Morandi's Field and Galois Theory, exercise 5.19b
Let $K$ and $L$ be Galois extensions of $F$. The restriction of function map, namely, $\sigma\mapsto(\sigma\vert_K,\sigma\vert_L)$ induces an injective group homomorphism $\varphi\colon\operatorname{Gal}(KL/F)\to\operatorname{Gal}(K/F)\times\operatorname{Gal}(L/F)$. Show that $\varphi$ is surjective if and only if $K\cap L=F$.
It's not hard to show that $\varphi$ is a monomorphism. If it's surjective, it's not hard to show that $K\cap L=F$ as follow:
Fix $\alpha\in K\cap L$, let $\beta$ be a root of the minimal polynomial of $\alpha$ over $F$. Since $K,L$ are normal, $\beta\in K\cap L$. By isomorphism extension theorem, we can choose $\tau_1\in\operatorname{Gal}(K/F)$ such that $\tau_1(\alpha)=\beta$. For surjectivity of the map, there's $\sigma$ such that $\sigma\vert_K=\tau_1$ and $\sigma_L=\mathrm{id}$, which forces $\alpha=\beta$, therefore $\alpha\in F$, since $K,L$ are separable over $F$.
The converse seems hard. I cannot show that when $K,L$ are arbitrary Galois extensions. If they are both finite dimensional, the statement follows from natural irrationality: $\operatorname{Gal}(KL/L)\cong\operatorname{Gal}(K/K\cap L)$, which implies that $[KL:L]=[K:K\cap L]=[K:F]$, therefore $[KL:F]=[K:F][L:F]$, and note that $\varphi$ is injective, thus surjective.
Any help? Thanks!
Best Answer
We need the following lemma.
Lemma Let $K/F$ be a (not necessarily finite dimensional) Galois extension, $L/F$ an arbitrary extension. Clearly $KL/L$ is Galois. Then the restriction map, namely, $\sigma\mapsto \sigma\mid K$ induces an isomorphism $\psi\colon \mathrm{Gal}(KL/L) \rightarrow \mathrm{Gal}(K/K\cap L)$.
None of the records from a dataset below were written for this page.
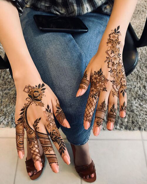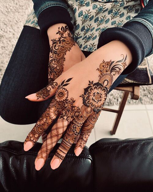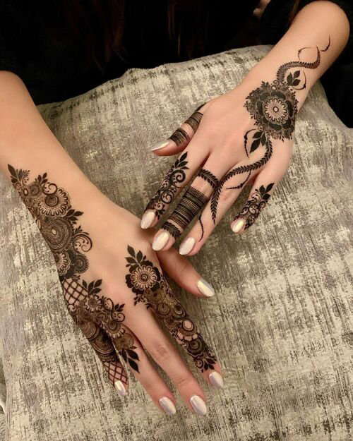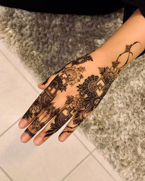 16. Coordinated Back Hand Mehndi Designs with Floral and Geometric Interplay
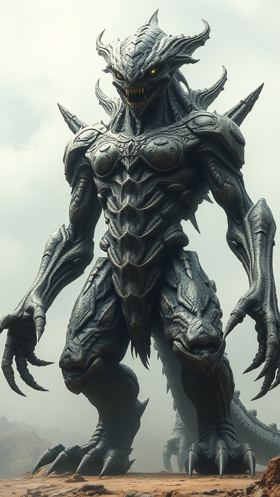 Unearthly creature, towering and menacing, exudes an aura of fear and power. Its entire form is intricately detailed with skin resembling ancient, weathered armor, each segment revealing unsettling patterns. Eyes glow with an intelligent malice, while elongated limbs end in razor-sharp appendages, poised for predatory action. Its presence is both majestic and horrifying, a testament to an unknown world’s evolution. The being radiates a sense of primal wrath and intelligence, standing as an apex predator in its realm, alien and otherworldly.
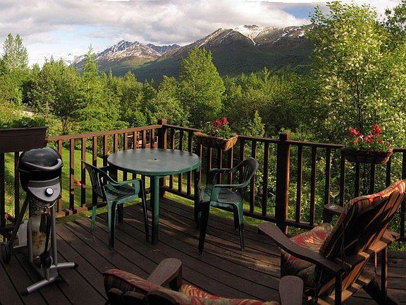 Great home on large private lot. Sweeping views, and southern exposure on over an acre in Eagle River Valley. New flooring in all living spaces. Three bedrooms plus office space, family room and 2 1/2 baths. Sauna, well-maintained large yard and perennials. Quiet, low density housing area. Pet upon approval.
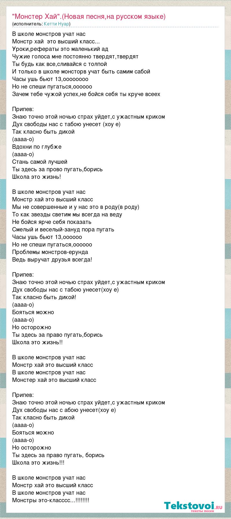 В школе монстров учат нас Монстр хай это высший класс... Уроки,рефераты это маленький ад Чужие голоса мне постоянно твердят,твердят Ты будь как все,сливайся с толпой И только в школе монсторв учат быть самим сабой Часы ушь бьют 13,оооооооо Но не спеши пугаться,оооооо Зачем тебе чужой успех,не бойся себя ты круче всеех Припев: Знаю точно этой ночью страх уйдет,с ужастным криком Дух свободы нас с табою унесет (хоу е) Так класно быть дикой (аааа-о) Вдохни по глубже (аааа-о) Стань самой лучшей Ты здесь за прово пугать,борись Школа это жизнь! В школе монстров учат нас Монстр хай это высший класс Мы не совершенные и у нас это в роду(в роду) То как звезды светим мы всегда на веду Не бойся ярче себя показать Смелый и веселый-зануд пора пугать Часы ушь бьют 13,оооооо Но не спеши пугаться,оооооо Проблемы монстров-ерунда Ведь выручат друзья всегда! Припев: Знаю точно этой ночью страх уйдет,с ужастным криком Дух свободы нас с табою унесет(хоу е) Так класно быть дикой! (аааа-о) Бояться можно (аааа-о) Но осторожно Ты здесь за право пугать,борись Школа это жизнь!! В школе монстров учат нас Монстр хай это высший класс В школе монстров учат нас Монстер хай это высший класс Припев: Знаю точно этой ночью страх уйдет,с ужастным криком Дух свободы нас с абою унесет(хоу е) Так класно быть дикой (аааа-о) Бояться можно (аааа-о) Но осторожно Ты здесь за право пугать, борись Школа это жизнь!!! В школе монстров учат нас Монстр хай это высший класс В школе монстров учат нас Монстры это-класссс...!!!!!!!!
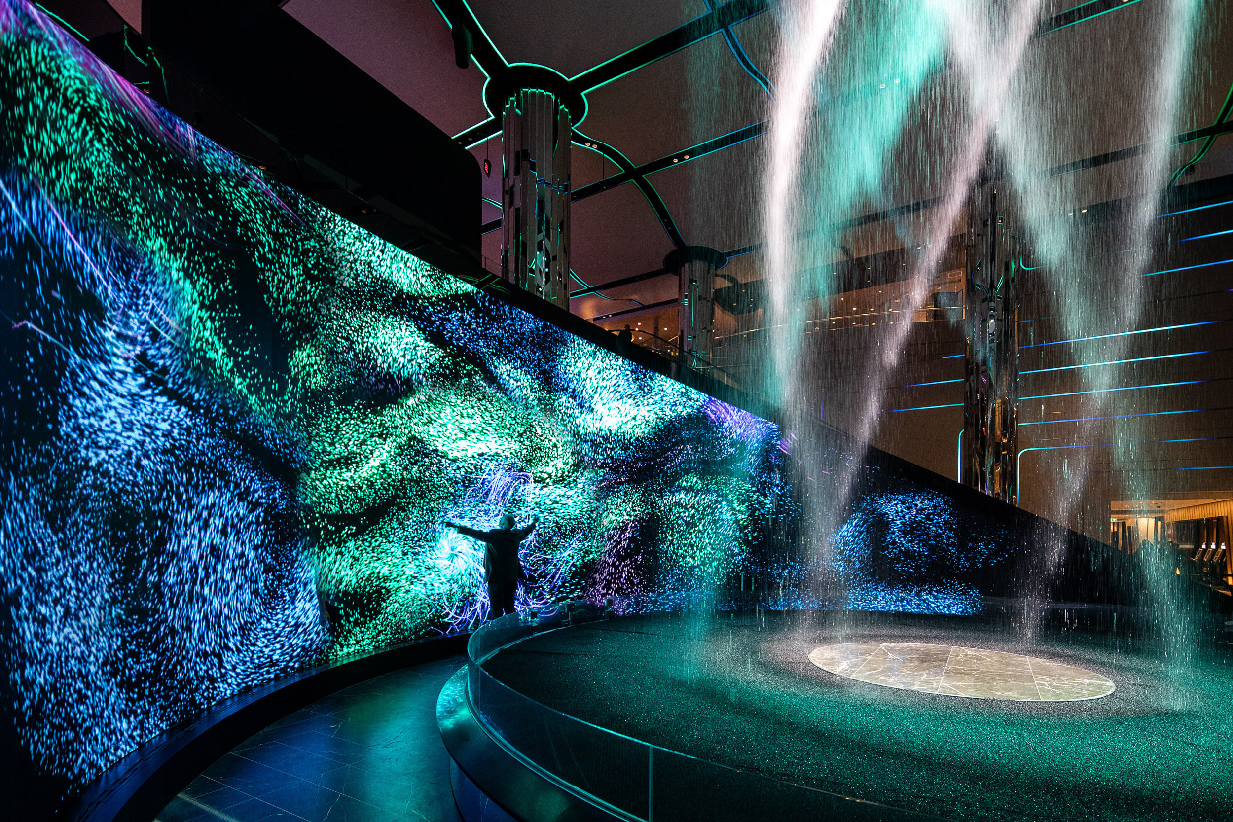 近日,澳洲娛樂巨頭The Star集團公開了他們斥巨資改造升級的悉尼酒店的全新設計。新的酒店門廳使用洲明雷迪奧系列LED顯示屏及燈條,采用沉浸式新月形顯示屏及水中顯示屏設計,將LED顯示屏與光影、水流、建筑和藝術畫廊融為一體,為賓客打造出一個充滿吸引力的互動式體驗空間。
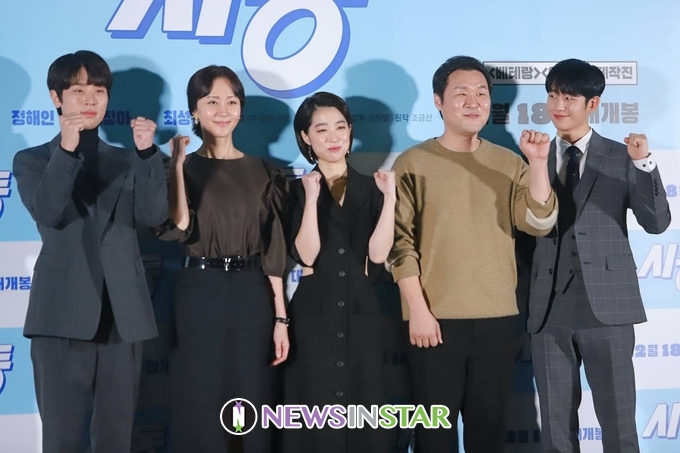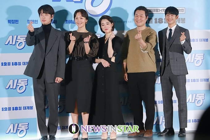 10일 오후 서울시 광진구 자양동 롯데시네마 건대입구에서 영화 '시동'의 언론 시사회가 열려 시사회 후 배우 박정민, 정해인, 염정아,  최성은, 윤경호가 포토타임을 갖고 있다.

Proof: We regard $\mathrm{Gal}(KL/L)$ and $\operatorname{Gal}(K/K\cap L)$ as topological groups with Krull topologies. Clearly $\psi$ is continuous and injective. Let $H = \psi(\mathrm{Gal}(KL/L))$. Since $\mathrm{Gal}(KL/L)$ is compact, $H$ is also compact. Since $\mathrm{Gal}(K/K\cap L)$ is Hausdorff, $H$ is closed. Clearly the fixed subfield of $K$ by $H$ is $K \cap L$. Hence $H = \mathrm{Gal}(K/K\cap L)$ by the fundamental theorem of (not necessarily finite dimensional) Galois theory. This completes the proof.
Now we prove the following proposition with which the OP had a problem.
Proposition Let $K$ and $L$ be Galois extensions of $F$. The restriction of function map, namely, $\sigma\mapsto(\sigma\vert_K,\sigma\vert_L)$ induces a group homomorphism $\varphi\colon\operatorname{Gal}(KL/F)\to\operatorname{Gal}(K/F)\times\operatorname{Gal}(L/F)$. Suppose $K\cap L=F$. Then $\varphi$ is an isomorphism.
Proof. Since it is clear that $\varphi$ is injective, it suffices to prove that it is surjective. Let $G_1 = \mathrm{Gal}(K/F), G_2 = \mathrm{Gal}(L/F), G = \mathrm{Gal}(KL/F)$. By the lemma, given $\sigma_1 \in G_1$, there exists $\sigma \in \mathrm{Gal}(KL/L)$ such that $\sigma\mid K = \sigma_1$. Since $\sigma \in G$ and $\sigma\mid L = 1_L$, $G_1\times 1 \subset \varphi(G)$. Similarly $1\times G_2 \subset \varphi(G)$. Hence $G_1\times G_2 = \varphi(G)$. This completes the proof.